Greetings from behind a cup of coffee. Not just any coffee. Coconut vanilla flavored coffee with a splash of milk and a bit of foam on top. Indulgent, a bit sweet, and rather pretty in the clear glass cafe mug. It’s sitting on the slate coaster between my monitor and me as I write this. There’s a good reason for that.
It’s my writer bribe for today.
I’ve just spent the last hour revising a flash piece whose characters I love. We writers should love our characters, right? Which should motivate us to leap to the keyboard and pick through their laundry and breakfast dishes and unread emails to find the torn sleeve and the half-eaten bran muffin and the message from their college sweetheart they haven’t spoken to in decades that will help us shape the next draft.
Except sometimes it can feel like doing chores. And no one likes doing chores.
So we—and here, by we I mean me—bribe our writers to sit and work.
It’s not the only way I get myself motivated to work. I’ve found the Pomodoro technique helpful. (Fitfully napping babies are, I’ve decided, sweet little Pomodoro timers.) And I certainly don’t use motivational tools every time I write—I don’t find that I need anything besides the allure of exploring new ground for writing first drafts. But I have found a fluffy coffee or some chocolate now and again that I’ll only allow myself to have if I am actively writing to be the enticement to get myself in front of my computer to work.
I’ve always been drawn to E. L. Doctorow’s explanation of novel drafting: “it’s like driving a car at night: you never see further than your headlights, but you can make the whole trip that way.” When you’re going through unknown territory, there’s something exciting about seeing the way the trees change as you drive further north, for example, clusters of pines giving way to solitary elms. But when you’re driving through familiar territory, making that fourth or fifth pass through the book, when the characters argue in the back seat the whole way and it’s raining and they’ve closed your exit from the highway and the windshield wipers suddenly start squawking, what then?
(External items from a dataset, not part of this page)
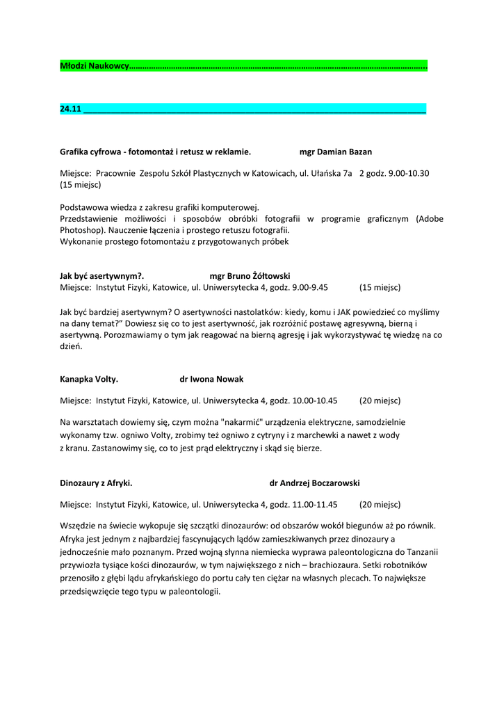 Młodzi Naukowcy……………………………………………………………………………………………………………………... 24.11 __________________________________________________________________________ Grafika cyfrowa - fotomontaż i retusz w reklamie. mgr Damian Bazan Miejsce: Pracownie Zespołu Szkół Plastycznych w Katowicach, ul. Ułaoska 7a 2 godz. 9.00-10.30 (15 miejsc) Podstawowa wiedza z zakresu grafiki komputerowej. Przedstawienie możliwości i sposobów obróbki fotografii w programie graficznym (Adobe Photoshop). Nauczenie łączenia i prostego retuszu fotografii. Wykonanie prostego fotomontażu z przygotowanych próbek Jak byd asertywnym?. mgr Bruno Żółtowski Miejsce: Instytut Fizyki, Katowice, ul. Uniwersytecka 4, godz. 9.00-9.45 (15 miejsc) Jak byd bardziej asertywnym? O asertywności nastolatków: kiedy, komu i JAK powiedzied co myślimy na dany temat?” Dowiesz się co to jest asertywnośd, jak rozróżnid postawę agresywną, bierną i asertywną. Porozmawiamy o tym jak reagowad na bierną agresję i jak wykorzystywad tę wiedzę na co dzieo. Kanapka Volty. dr Iwona Nowak Miejsce: Instytut Fizyki, Katowice, ul. Uniwersytecka 4, godz. 10.00-10.45 (20 miejsc) Na warsztatach dowiemy się, czym można "nakarmid" urządzenia elektryczne, samodzielnie wykonamy tzw. ogniwo Volty, zrobimy też ogniwo z cytryny i z marchewki a nawet z wody z kranu. Zastanowimy się, co to jest prąd elektryczny i skąd się bierze. Dinozaury z Afryki. dr Andrzej Boczarowski Miejsce: Instytut Fizyki, Katowice, ul. Uniwersytecka 4, godz. 11.00-11.45 (20 miejsc) Wszędzie na świecie wykopuje się szczątki dinozaurów: od obszarów wokół biegunów aż po równik. Afryka jest jednym z najbardziej fascynujących lądów zamieszkiwanych przez dinozaury a jednocześnie mało poznanym. Przed wojną słynna niemiecka wyprawa paleontologiczna do Tanzanii przywiozła tysiące kości dinozaurów, w tym największego z nich – brachiozaura. Setki robotników przenosiło z głębi lądu afrykaoskiego do portu cały ten ciężar na własnych plecach. To największe przedsięwzięcie tego typu w paleontologii. Martwa natura – collage. mgr Beata Hanslik-Janiszewska, mgr Izabella Kornas Miejsce: Pracownie Zespołu Szkół Plastycznych w Katowicach, ul. Ułaoska 7a, godz. 12.00-12.45 (20 miejsc) Swobodna interpretacja kompozycji w pracowni. Dzieci malują, naklejają papier, rysują etc., pracują farbami plakatowymi lub temperami, pastelami, kleją, tworzą na brystolach 100x70. Od pomysłu do scenariusza. mgr Elżbieta Omelan Miejsce: Instytut Fizyki, Katowice, ul. Uniwersytecka 4, godz. 13.00-13.45 (15 miejsc) Od pomysłu do scenariusza: scenariusz, scenopis, storyboard – piszemy i rysujemy swój film. Piszemy scenariusz i realizujemy własny film. Grafika cyfrowa - fotomontaż i retusz w reklamie. 8.12 __________________________________________________________________________ Robimy zabawki optyczne. dr Justyna Budzik Miejsce: Instytut Fizyki, Katowice, ul. Uniwersytecka 4, godz. 9.00-9.45 (15 miejsc) Uczniowie podzieleni na kilkuosobowe grupy tworzą – na podstawie wzorów – 3 typy zabawek optycznych, np. flipbook, taumatrop i zootrop, ucząc się tym samym na czym polega iluzja ruchu W krainie muzycznej wyobraźni- teledysk, czyli muzyka obrazu. dr Edyta Kaszyca Miejsce: Instytut Fizyki, Katowice, ul. Uniwersytecka 4, godz. 10.00-10.45 (15 miejsc) Język, cechy, twórcy i ich sposoby na tworzenie teledysków. Warsztaty tworzenia scenariuszy wideoklipów dla dzieci (widzących i niewidzących, niepełnosprawnych). Zajęcia mają na celu przybliżenie specyfiki teledysku (prezentacja multimedialne z fragmentami teledysków), pokazanie najciekawszych form "kreacji wyobraźni" inspirowanych muzyką i słowem (tekstem piosenki). Dzieci po zapoznaniu się z krótką historią i językiem "wideoklipowej opowieści" zostaną podzielone na koedukacyjne grupy, których zadaniem będzie stworzenie opisu (słownego w formie pisemnej - scenariusza lub rysunkowej - storyboard) do piosenki. Dlaczego mydło myje? dr Iwona Nowak Miejsce: Instytut Fizyki, Katowice, ul. Uniwersytecka 4, godz. 11.00-11.45 (20 miejsc) Dlaczego mydło myje? Poznamy budowę chemiczną cząsteczek mydła. Spróbujemy dowiedzied się jak mydło usuwa plamy. Z przygotowanych składników sami wykonamy ekologiczną pastę do zębów. Czy to już WALL-E? dr Jolanta Sobera Miejsce: Instytut Fizyki, Katowice, ul. Uniwersytecka 4, godz. 12.00-12.45 (20 miejsc) Czy pamiętacie robota mozolnie sprzątającego Ziemię? Spróbujmy go zbudowad. Na zajęciach zapoznamy się z działaniem czujników: ultradźwiękowego, dotyku i światła. Przyjrzymy się środowisku programistycznemu, dzięki któremu robot dostaje życie. Wspólnie napiszemy krótki program. Zastanowimy się gdzie można zobaczyd zastosowanie w/w czujników. 12.01.2013 _______________________________________________________________________ Chemia organiczna – skąd my to znamy? dr Barbara podeszwa, dr Stella Hensel-Bielówka Miejsce: Instytut Chemii, Katowice, ul. Szkolna 9, godz. 9.00-9.45 (12 miejsc) W laboratorium studenci UŚD będą przeprowadzad doświadczenia z zakresu chemii organicznej. W czasie zajęd wykorzystają substancje znane z codziennego życia, używając ich do ciekawych eksperymentów chemicznych. Chemia organiczna – skąd my to znamy? dr Barbara podeszwa, dr Stella Hensel-Bielówka Miejsce: Instytut Chemii, Katowice, ul. Szkolna 9, godz. 12.00-12.45 (12 miejsc) W laboratorium studenci UŚD będą przeprowadzad doświadczenia z zakresu chemii organicznej. W czasie zajęd wykorzystają substancje znane z codziennego życia, używając ich do ciekawych eksperymentów chemicznych. Co stawonogi mają w środku? – poznajemy budowę anatomiczną stawonogów. mgr Łukasz Chajec Miejsce: Wydział Biologii i Ochrony Środowiska, Katowice, ul. Bankowa 9, godz. 9.00-9.45 (12 miejsc) Poznanie budowy anatomicznej wybranych przedstaw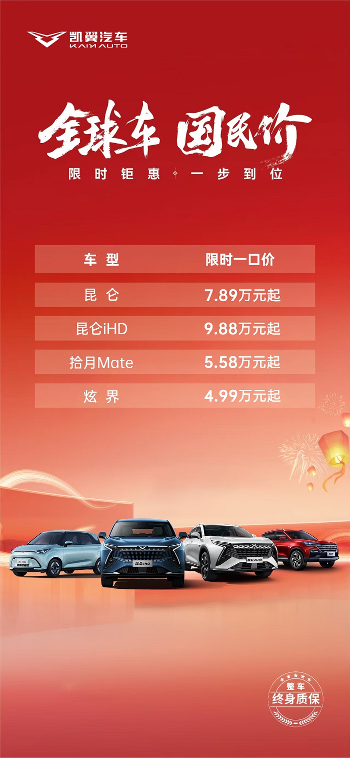 同时,凯翼汽车正式发布,旗下全系车型提供终身质保政策。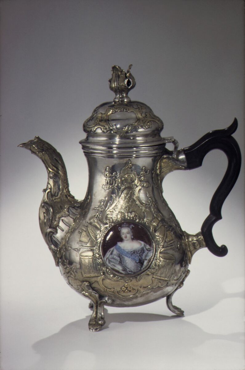 The service (47.51.1–.5) is thought to have been given by Empress Catherine II to Count Pyotr Rumiantsev, governor of the Ukraine and leader of the victorious Russian forces in the war with Turkey (1768–74). Enamel portraits on the utensils depict the imperial line from Peter the Great to Catherine II to her son, later Paul I. Facing are: Catherine II on the coffeepot, the empress Elizabeth on the teapot, the empress Anna on the bowl, Peter III on the cream jug, and Catherine I on the sugar-box lid. The shape and decoration recall silver utensils made in northern Germany, especially Berlin. German silver was highly esteemed in Russia, where a large German artistic community had influenced the transmission of Western forms since the time of Peter the Great. The goldsmith, born in Vyborg at the Gulf of Finland, might also have spent time in northern Germany during his journey years.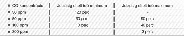 A berendezés meghibásodás-kijelzőjének – ha van rajta ilyen – sárga színűnek kell lennie. A kijelzők funkcióit a berendezésen jelölésnek kell tartalmaznia. A gyártó utasításai szerint felszerelt berendezés kijelzőinek láthatónak kell lenniük. Az alábbi (1.) táblázatban meghatározott időkorlátok között a szén-monoxid-riasztás piros kijelzőjének fényjelzést kell adnia, és egyidejűleg a vészjelző hangnak meg kell szólalnia. A berendezésnek mindaddig hang- és fényjelzést kell adnia, amíg a CO-koncentráció az 50 ppm-et meghaladja.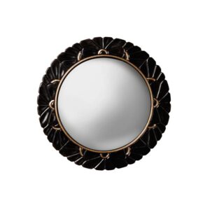 Ce miroir de sorcière Mitad transcende sa fonction première pour devenir un joyau mural où la puissance du noir brillant et la finesse d'un liseré doré subliment un cadre sculptural en forme de pétales. Véritable gardien de votre intérieur, il capture l'espace et la lumière dans ses 21 cm de

You get yourself a coffee for the trip. A fancy one with foam and chocolate. A big one.
As 2015 comes to an end and the new year begins, I’ve been thinking about how my at times indulgent writer bribes fit into my goals for 2016. Much of my to do list involves revision: a YA SF novel that’s been sitting around since I drafted it in 2012 (ack!); a novella that I just finished the first draft of a week ago; several stories and poems that I’ve made one, two, five passes through and that still need considerable work. In other words, I should stock up on the hazelnut coffee and get the big bag of the dark chocolate squares.
Often, I’ll read the acknowledgments sections in books, looking for insights into where and when the book was written and who the author thanks for their support in completing the work. What I’d love to see, maybe just once, is a count of how many lattes or ounces of chocolate or cups of tea the author partook in to see the project through to completion. Really, isn’t this just another measure of how much work it took to get that copy of the book into the readers’ hands?
So, what about you? What are your most effective writer bribes? And when do you need them most?